■ **Entries taken from a collection**
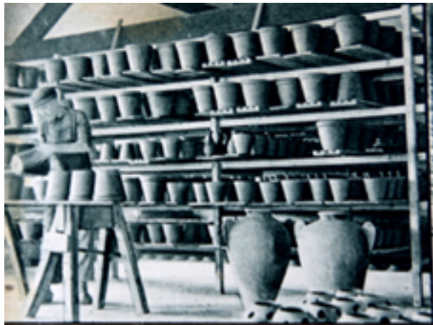
Een blik in de droogkamer waar de gedraaide potten en vazen worden te drogen gezet.
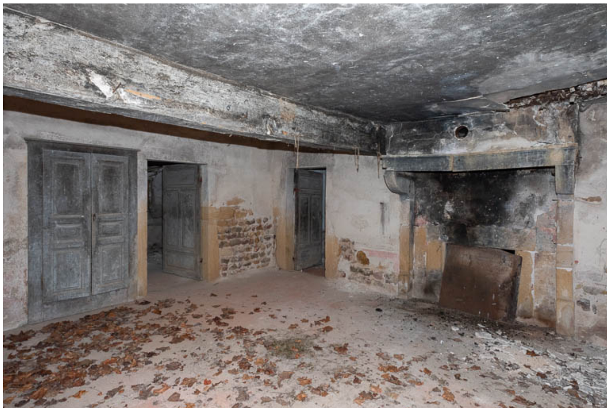
Vue de la pièce principale (cuisine) de l'ancienne maison

71, Saint-Julien-de-Jonzy, lieudit : Parigny
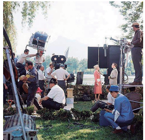
Figura 2 - Por trás das câmaras do filme The Sound Of Music (1965). Disponível em: https://www.pinterest.pt/pin/78672324729888868/

A distinção entre a realidade e a ficção torna-se um exercício enigmático e desafiador na construção cinematográfica. A montagem de um filme passa por um processo que envolve diversos setores, tais como a escrita do guião, o casting para a escolha das personagens, a encenação, e toda a equipa tem uma função essencial para que o filme aconteça, desde o empregado do coffee break ao realizador. Existe um empenho e uma dedicação para que tudo aconteça e principalmente para que a ficção passe a ser realidade. Por ficção não me refiro aos filmes desse gênero , mas sim a tudo o que faça parte do outro plano para lá do real, onde as histórias existem apenas no plano imaginário de quem as cria, sem ainda terem sido submetidas à concretização.
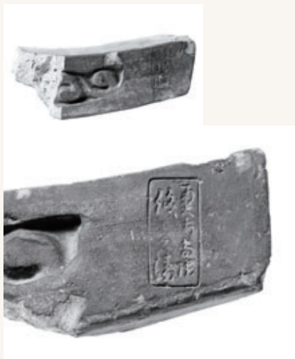
乙訓寺と、その周辺から見つかった「奥海(印)寺院 儀兵衛」と刻印された瓦

今回の記事に関する資料は、図書館1階歴史資料展示コーナーで展示しています。 *4月2日(木)〜6月30日(火)図書館休館日を除く
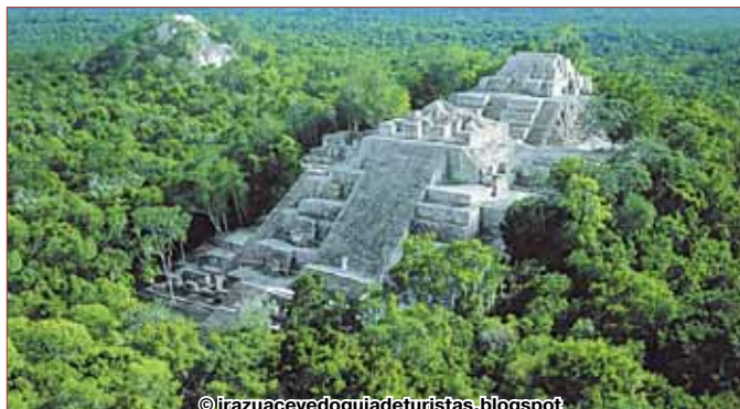
В прошлом могущественный город майя Калакмуль
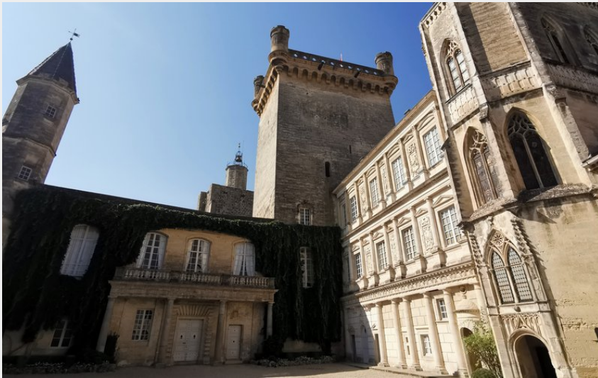
Crédit : Façade Renaissance, Tour Bermonde, chapelle gothique et Tour de la Vicomté (Duché d'Uzès)
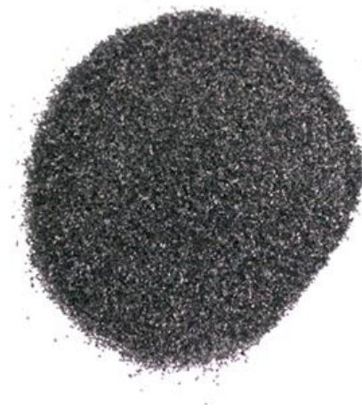
Рис.4. Продукт измельчения
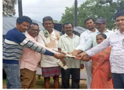
సర్పంచ్ ఆధ్వర్యంలో ప్రజలకి ఇవ్వడం జరిగింది.

జనసముద్రం స్టూన్ 02 ఆగస్టు : చీట్టి గ్రామపంచాయతీలో వరదల కారణంగా వరదల విపత్తు కారణంగా ప్రతి ఇంటికి 3000/- రూపాయలు చొప్పున గ్రామ సర్పంచి మరియు ఎన్ డి ఏ ప్రభుత్వ నాయకుల సమక్షంలో ఇచ్చారు. ఎన్ డి ఏ ప్రభుత్వం వరదల క్రింద ప్రతి ఇంటికి 3000/- రూపాయలు చొప్పున అలాగే ప్రతి కుటుంబానికి 25 కేజీలు బియ్యము, మంచి నూనె, కందిపప్పు, బంగాళదుంపలు, అరటికాయలు, ఉల్లిపాయలు వరద బాధితులకి విపత్తు క్రింద ఎన్ డి ఏ ప్రభుత్వము ఎన్డీపీ నాయకులు ద్వారా అలాగే గ్రామ
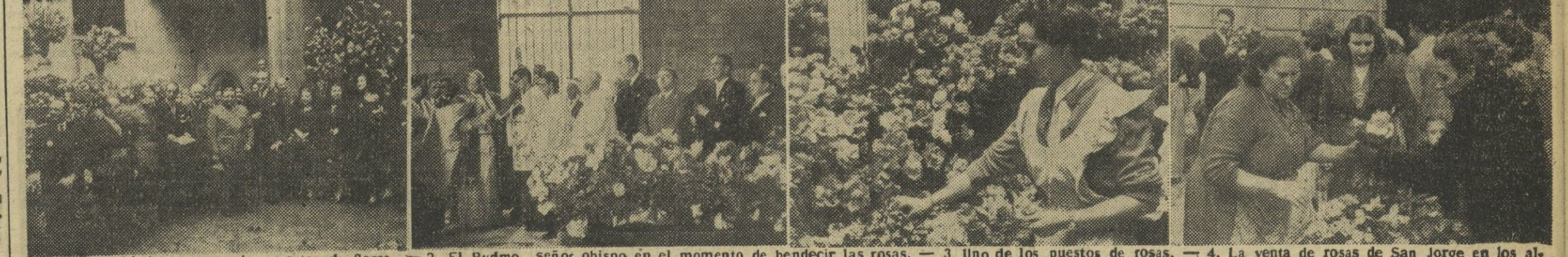
1. Las autoridades recorren los puestos de flores. — 2. El Rvdmo. señor obispo en el momento de bendecir las rosas. — 3. Uno de los puestos de rosas. — 4. La venta de rosas de San Jorge en los alrededores de la Diputación. — (Fotos Pérez de Rozas)
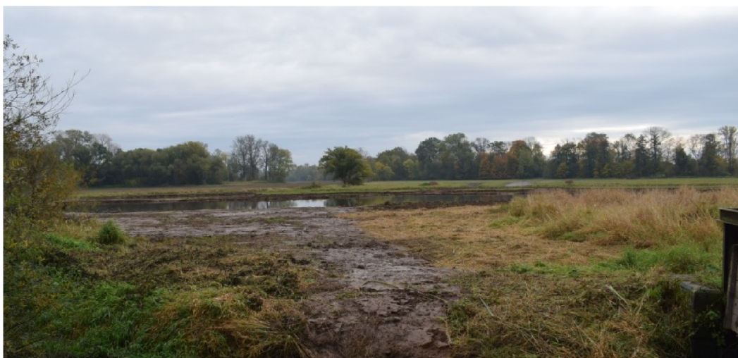
říjen 2022 – poslední okrajová tůň projektu Centrální ptačník
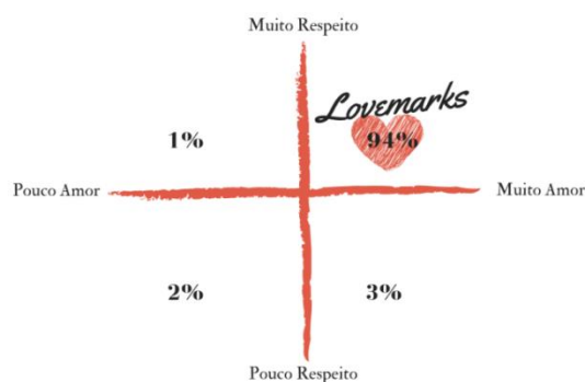
Figura 03: Caracterização de Rebelde de acordo com os quadrantes de Roberts (2004), sobre lovemarks .

resultado de um trabalho estratégico da marca, e sim uma relação de seus fãs com a marca, uma vez que esses possuem autonomia sobre a mesma, e acabam deixando explícito seu sentimento. O respeito, aspecto importante para existência do amor, é reforçado por 71,5% que afirmam possuir muito respeito pela marca. Unidos, o amor e o respeito foram capazes de influenciar o modo como esses fãs agem em seu cotidiano. Cerca de 38% concordam plenamente com as frases “Rebelde me inspirou a tomar decisões importantes” e “Rebelde ajudou a superar situações difíceis”. Dos respondentes, 40% afirmaram que a marca mudou aspectos em sua vida e 42% responderam que Rebelde ajudou a formar valores de vida. Assim, o mistério se faz presente mais uma vez, pois percebe-se como a marca os inspira em suas ações e está presente na formação de seus valores pessoais. Roberts (2004) aborda a inspiração como aspecto fundamental para que as marcas se transformem em lovemarks .
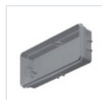
3733 INCASSO STILE 6W/11W 3106/IP
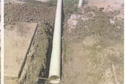
Foto 6. Colocación de tubería de PVC de 6 pulgadas.
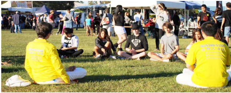
年轻人现场学炼法轮功

(明慧记者布里斯本报道) 法轮功是什么? 为何全球有这么多人修炼? 哪里有炼功点? 二零一一年六月四日, 澳洲布里斯本北区惹米尔多元文化节庆典上, 许多人都在问着相同的问题。
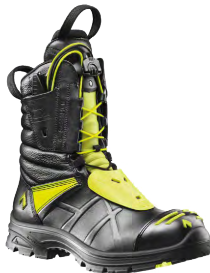
20. Arbesko 51692

20. Arbesko 51692. Varmfodrad känga i impregnerat skinn med H2O Blocker – en slitstark dragkedja med en effektiv barriär mot snöslask. Värmeisolerande Thermolite®-foder. Kängan har den nya, revolutionerande kombinationen av inläggssulan X-40 Duo och Energy Gel® 2.0 för maximal stöt-dämpning, exceptionell återfjädring och sviktkänsla - och en värmebeständig nitrilgummisula med mycket bra fäste.
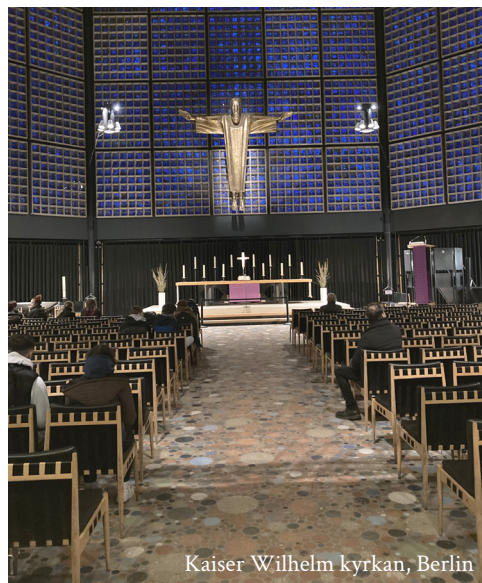
Kaiser Wilhelm kyrkan, Berlin
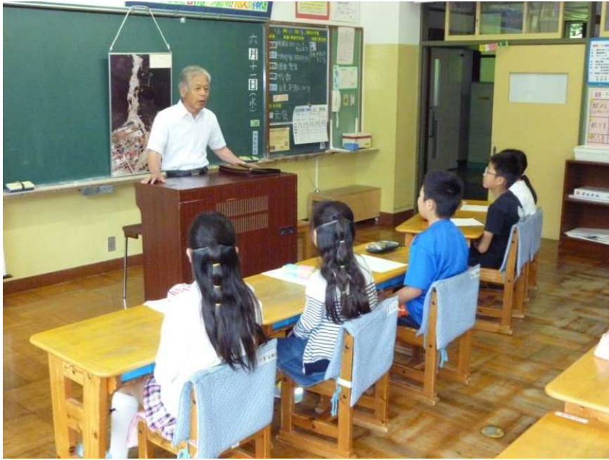
▲地元の人からS54洞谷災害の被災体験について 講義を受ける児童(栃尾小学校)
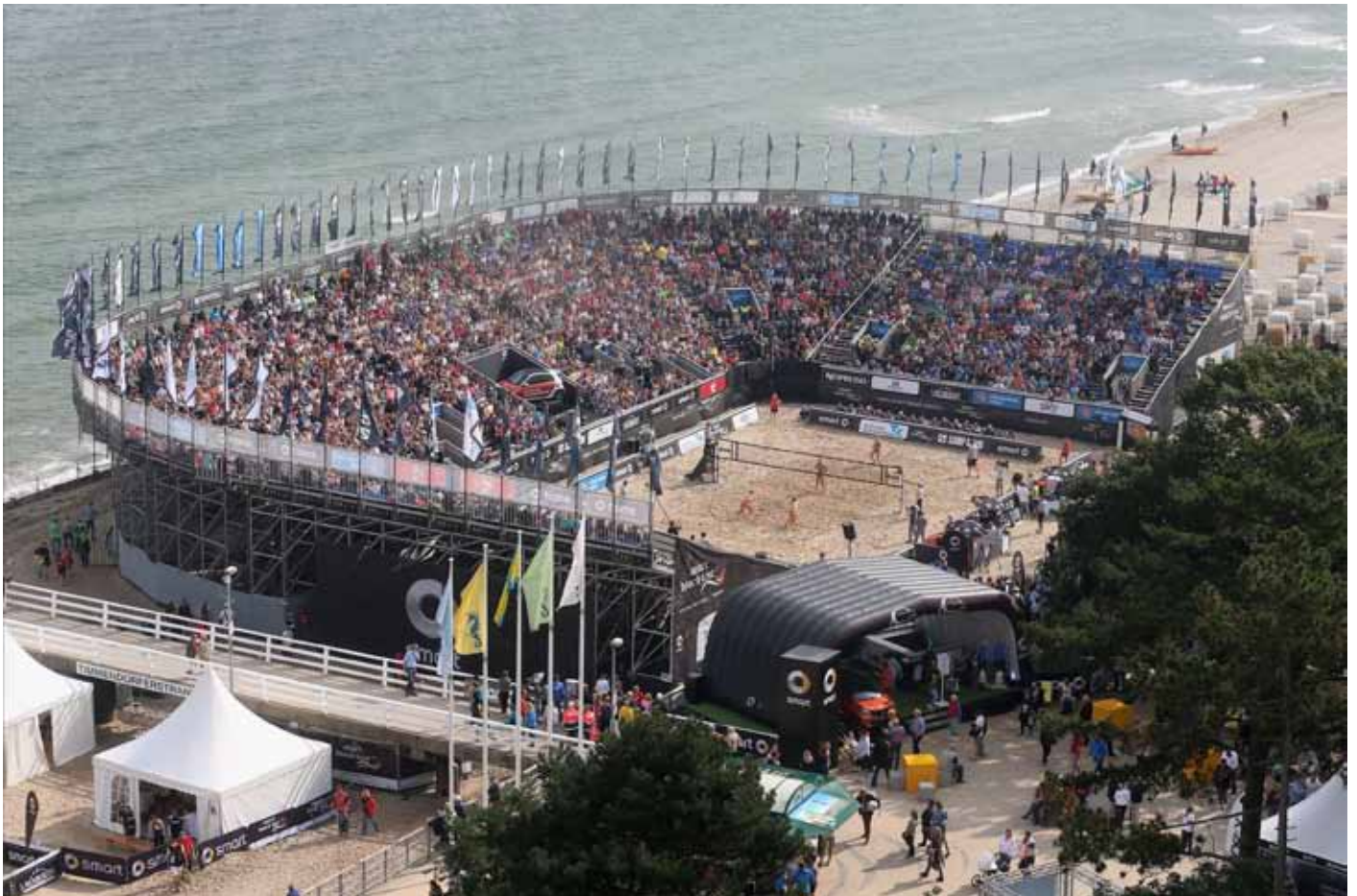
Das Mekka des deutschen Beachvolleyballs: Die Ahmann-Hager Arena in Timmendorfer Strand.

Auch 2016 können Fans bei der ranghöchsten deutschen Beach-Volleyball-Serie, der smart beach tour, und den Deutschen smart Beach-Volleyball Meisterschaften bei Sky live mitfeiern. Sky Sport berichtet von allen Finalspielen der vier smart super cups sowie umfangreich von den DM-Finaltagen in Timmendor-
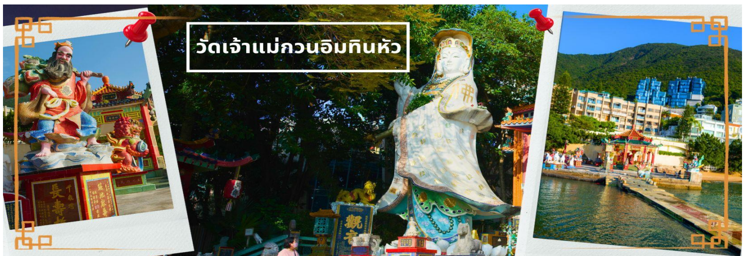
วัดเจ้าแม่กวนอิมกินหัว

เช้า ❗ บริการอาหารเช้า ณ ภัตตาคาร **เมนูติ่มซำต้นตำหรับฮ่องกง** (3)
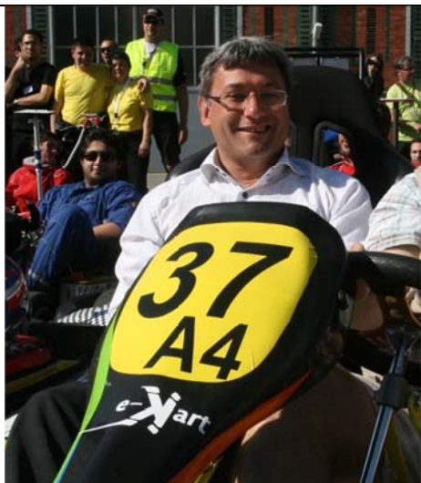
Sur le nasseau panel

Le kart devra porter son numéro de façon lisible sur le nasseau panel à l'avant, sur les 2 cotés et à l'arrière. Le numéro du kart est le numéro de l'équipe, 37H par exemple, s'il n'y a qu'un seul kart. Il est suivi d'un numéro s'il y a plusieurs karts dans l'équipe : 37H1 et 37H2.

■ **Problem statement**
Filter the entries above and keep only the lines with the word "lovemarks".

■ **Solution**
Figura 03: Caracterização de Rebelde de acordo com os quadrantes de Roberts (2004), sobre lovemarks .
resultado de um trabalho estratégico da marca, e sim uma relação de seus fãs com a marca, uma vez que esses possuem autonomia sobre a mesma, e acabam deixando explícito seu sentimento. O respeito, aspecto importante para existência do amor, é reforçado por 71,5% que afirmam possuir muito respeito pela marca. Unidos, o amor e o respeito foram capazes de influenciar o modo como esses fãs agem em seu cotidiano. Cerca de 38% concordam plenamente com as frases “Rebelde me inspirou a tomar decisões importantes” e “Rebelde ajudou a superar situações difíceis”. Dos respondentes, 40% afirmaram que a marca mudou aspectos em sua vida e 42% responderam que Rebelde ajudou a formar valores de vida. Assim, o mistério se faz presente mais uma vez, pois percebe-se como a marca os inspira em suas ações e está presente na formação de seus valores pessoais. Roberts (2004) aborda a inspiração como aspecto fundamental para que as marcas se transformem em lovemarks .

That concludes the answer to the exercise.